La violenza ha più forme, ma ha ottime doti mimetiche e si nasconde bene. Certo, parlarne come se fosse un'entità può far pensare che chi la attua sia una vittima. Il che, da un diverso punto di vista, è vero. Ma procediamo con ordine.
La violenza è una reazione aggressiva. L'aggressività serve a difendersi, e la parola 'serve' può anche essere sostituita con 'è utile', perché l'aggressività è utile quando veniamo attaccati.
Chi è violento, dunque, sta mettendo in atto un comportamento aggressivo. Possiamo chiederci perché lo sta facendo, e come si riconosce un comportamento aggressivo. Per quanto sembrino domande banali, non lo sono.
Iniziamo dal perché: In genere chi aggredisce ha paura, si sente attaccato, dunque chi sta mettendo in atto un comportamento aggressivo è spaventato. Il problema è che non sempre la minaccia che muove l'altro è facilmente riconoscibile; alle volte è addirittura 'spostata', cioè può capitare che una persona aggredisca qualcuno che non centra nulla con la fonte di pericolo che lo anima, ed ecco la classica violenza.

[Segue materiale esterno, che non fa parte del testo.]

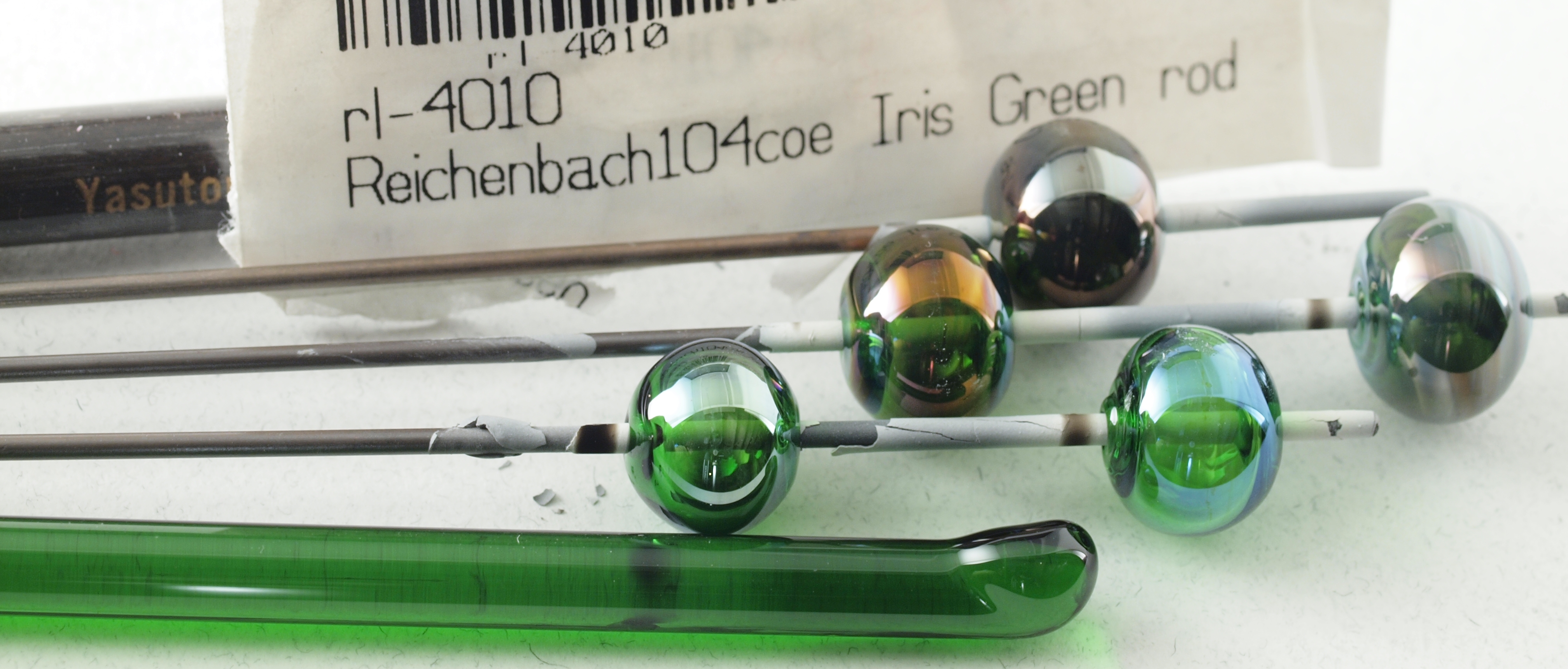 iris green—popular as a frit with lampworkers for years. Seems to strike (i.e. reduce) better if bead is made with a mildly oxygenating flame.
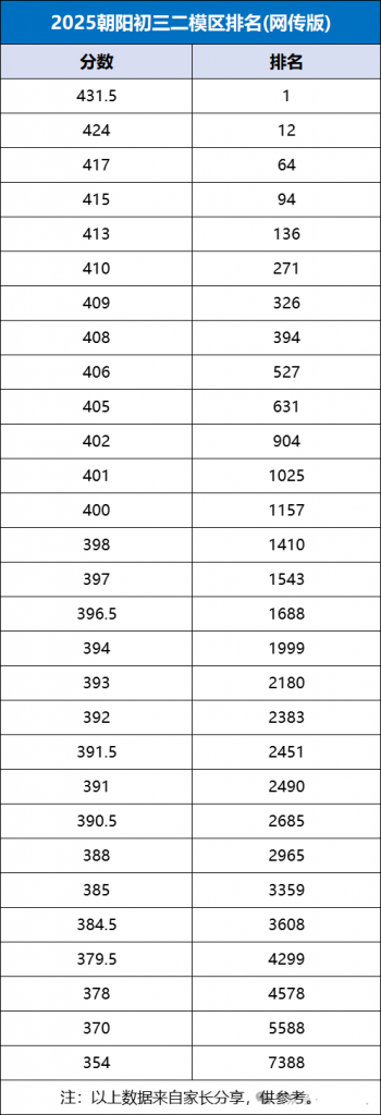 2025北京朝阳区初三二模区排名出炉!400分+1157人!有部分家长通过交流分享老师给到的成绩,自行整理出一版区排名。以下数据,仅供参考。
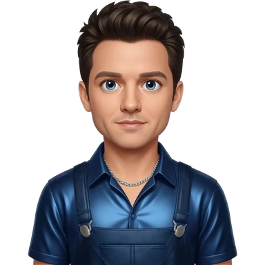 JC Chasez from NSYNC with blue eyes, dark brown hair, dark blue metallic shirt, dark blue metallic baggy pants, silver necklace emoji
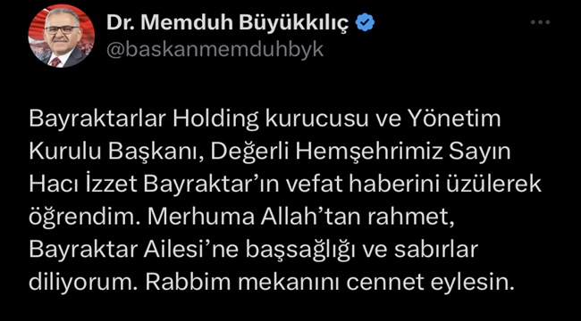 Vefat haberini alan Kayseri Büyükşehir Belediye Başkanı Memduh Büyükkılıç sosyal medya hesabından “Bayraktarlar Holding kurucusu ve Yönetim Kurulu Başkanı, Değerli Hemşehrimiz Sayın Hacı İzzet Bayraktar’ın vefat haberini üzülerek öğrendim. Merhuma Allah’tan rahmet, Bayraktar Ailesi’ne başsağlığı ve sabırlar diliyorum. Rabbim mekanını cennet eylesin” paylaşımında bulundu.
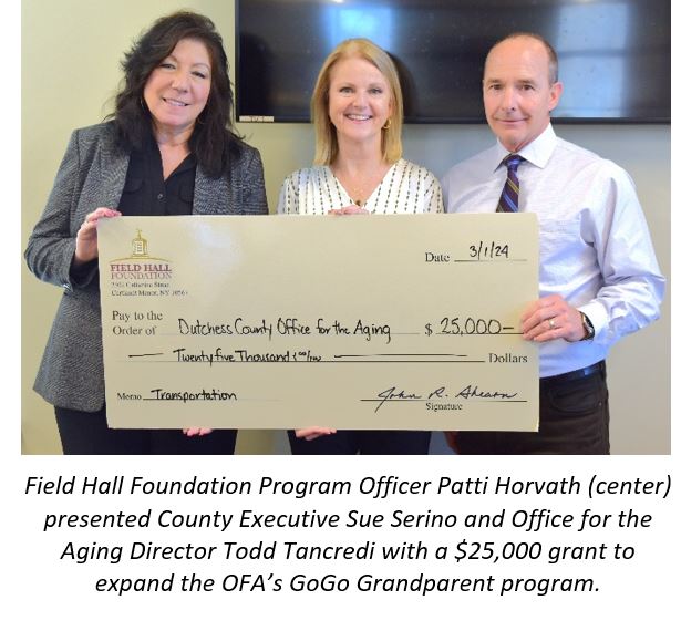 Thanks to a new $25,000 grant from the Field Hall Foundation, as well as a $20,000 grant from the New York State Office for the Aging, Dutchess County’s GoGo Grandparents program will serve even more seniors in 2024. The additional grant funding will allow OFA to explore expanding the scope of the GoGo Grandparent partnership, including the possibility of offering rides to seniors to visit a loved one in a hospital or nursing home; OFA has received feedback from clients who do not currently have transportation for this type of visitation.
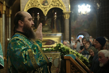 По заамвонной молитве было совершено славление прп. Савве Сторожевскому и архимандрит Павел прочитал молитву празднуемому святому.
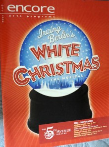 "White Christmas", the 1954 musical by Irving Berlin, was written as a musical in 2004. The 5th Avenue Theatre chose this as their Christmas show in 2006 and it was a hit.
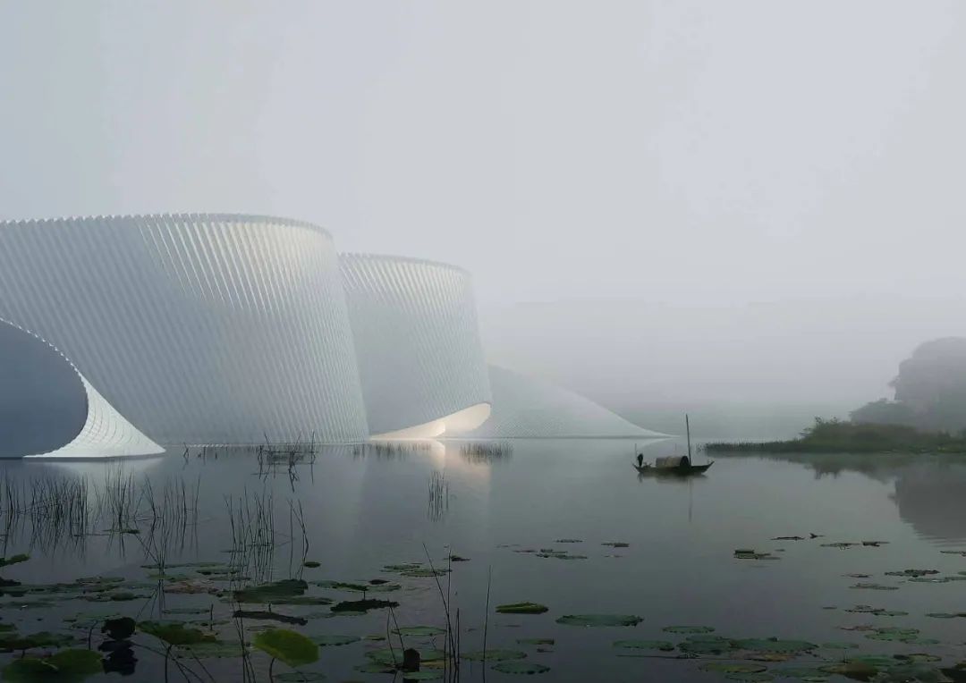建筑嵌入地景,带来“大地景观”的感受,形态有机、舒展,曲线优美。

Quella che si svela come aggressione immotivata.
Veniamo ora al come riconoscerla: essere violenti non significa solo picchiare, o solo insultare. Le forme di violenza peggiori, purtroppo, si verificano nelle relazioni importanti, ovvero in famiglia. Oggi se ne parla molto e forse l'idea che la famiglia sia talora il primo contenitore di violenza inizia a farsi strada nell'opinione delle persone, per quante resistenze, compresibilmente, vi siano. C'è una forma di violenza sfumata, non facilmente riconoscibile, che non si mostra con lividi od insulti, ma con la sistematica limitazione della libertà dell'altro. Questo 'ingabbiare' l'altro, inteso tra due adulti, si può fare in diversi modi: standogli sempre alle costole, non lasciandogli mai spazio, o anche ritirando affetto, dialogo, considerazione, risorse (denaro quando è controllato da un solo membro della famiglia), quando l'altro non fa quello che si vuole o fa qualcosa che non si vuole faccia.
Potremmo aprire una parentesi sul perché alcune persone sottostiano a questi comportamenti (mi riferisco a relazioni tra adulti, nel caso di bambini il discorso è completamente differente), ma non è nello scopo del post ed inoltre non vorrei passare il messaggio banale che 'è colpa di chi ci sta'.
Quello che sottolineo oggi è che questi comportamenti sono di fatto una forma di violenza, non minore, non secondaria, anzi, spesso costituiscono la premessa alla violenza fisica.
Ho accennato all'inizio che chi attua la violenza ne è, in un certo senso, vittima. E' vittima della sua incapacità di capire che cosa lo spaventa e porvi rimedio in modo efficace. Se temo che qualcuno mi abbandoni, e metto in atto comportamenti restrittivi della sua libertà per evitare che si allontani da me, significa in altre parole che continuo, qualunque cosa io faccia, ad essere insicuro, spaventato, a temere di restare da solo. In altre parole, vivo nella paura: una sofferenza.
Alla base il problema è proprio riconoscere e gestire le emozioni. Chi è violento, ha di solito appreso a reagire con aggressività ad una serie di sensazioni ed emozioni senza neanche riconoscerle e distinguerle; non riconoscendole, non mette in atto la risposta adeguata. L'unica risposta nota è l'aggressività, a prescindere dalla ragione del disagio. E' chiaro che il risultato non può essere buono, non troverà mai una 'soluzione' all'emozione negativa che sta provando, perchè la risposta comportamentale non è quella giusta. E' come ostinarsi ad aprire tutte le porte con la stessa chiave; nella gran maggioranza dei casi non si apre. Si finisce per farsi male prendendola a spallate...ed alla fine, di solito, non si apre comunque.